Turbid Media
Turbid Media
media in which light scattering by constituent or generated irregular (randomly distributed) optical nonuniformities is of significant intensity. Scattering in turbid media leads to a change in the initial direction of the light irradiating the media. The disruption of optical uniformity of a medium is expressed in the nonuniformity of the index of refraction n throughout the medium. Optical nonuniformities in turbid media are often defects in the structure of the substance or inclusions of one substance within another with a different n (fog, smoke, suspensions, emulsions, colloidal solutions, and frosted glass). In other cases, turbid media may be pure substances in which the density, concentration (in solutions), and optical anisotropy, which is caused primarily by molecular orientation, experience brief deviations from a mean value (fluctuations), resulting in variations of n within a large number of microvolumes (for example, critical opalescence). Such deviations occur upon random thermal motion of particles in the microvolumes of the medium.

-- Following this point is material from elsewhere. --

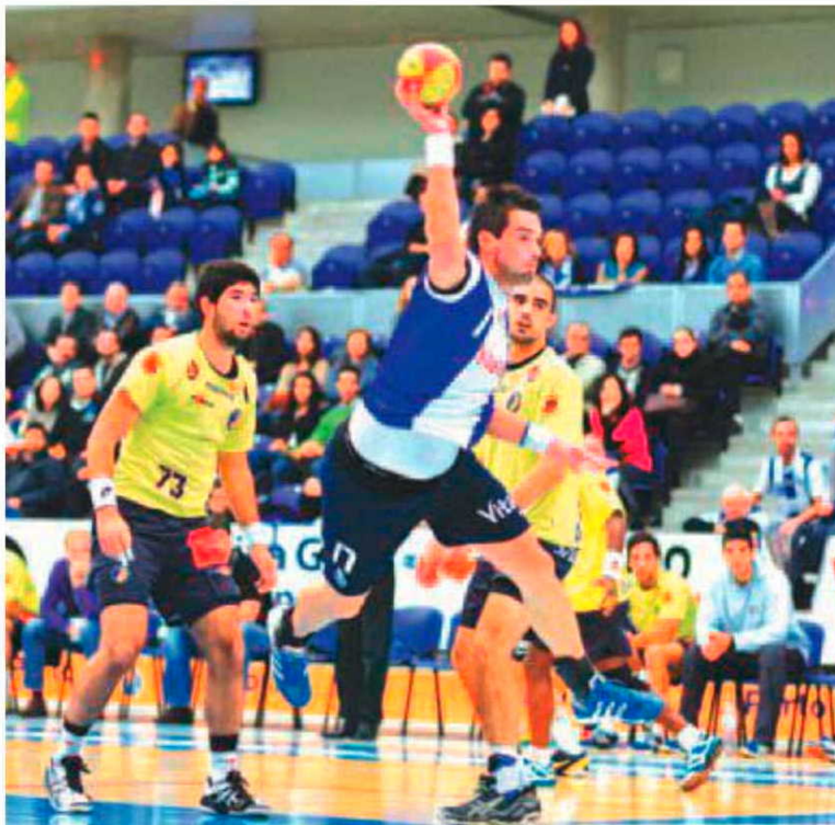
Madeira SAD foi ao 'Dragão Caixa' perder naturalmente.

Na I Divisão em seniores femininos, registe-se o regresso do campeonato nacional, com as duas equipas da Região envolvidas neste fim de semana numa jornada dupla. Ontem destaque para a du-

A light wave incident on a turbid medium may be scattered consecutively by a number of optical nonuniformities before leaving the medium. The number of such consecutive scatterings is called the scattering multiplicity. In the general case, the “glow” of turbid media consists of waves with differing scattering multiplicities. Single scattering is observed only for a low optical thickness τ of the turbid medium (τ ≦ 0.1). The scattering frequency increases with an increase in τ (the probability of irradiation of each optical nonuniformity by light that has already been scattered by other nonuniformities increases). Turbid media in which light is singly scattered (or the component of multiple scattering is low) include pure water in layers of moderate thickness (up to a few dozen meters). Examples of turbid media with predominantly multiple scattering (called highly turbid media) are dense clouds and fogs. The optical properties of these two classes of turbid media differ significantly. In dense clouds, the optical properties are determined by the relative index of refraction and the size of the optical nonuniformities (more precisely, by the ratio of the size to the wavelength of the scattered radiation), the shape of the nonuniformities, and the number of nonuniformities per unit volume. Light scattering in highly turbid media is caused not only by structure but also by such “external” factors as the length and the shape and nature of the boundary of the medium as a whole.
The problem of light scattering in highly turbid media of great optical thickness is dealt with in the theory of radiation transfer.
REFERENCES
Landsberg, G. S. Optika, 4th ed. Moscow, 1957. (Obshchii kurs fiziki. vol. 3.)Shifrin, K. S. Rasseianie sveta ν mutnoi srede. Moscow-Leningrad, 1951.
Hulst, H. van de. Rasseianie sveta malymi chastitsami. Moscow, 1961. (Translated from English.)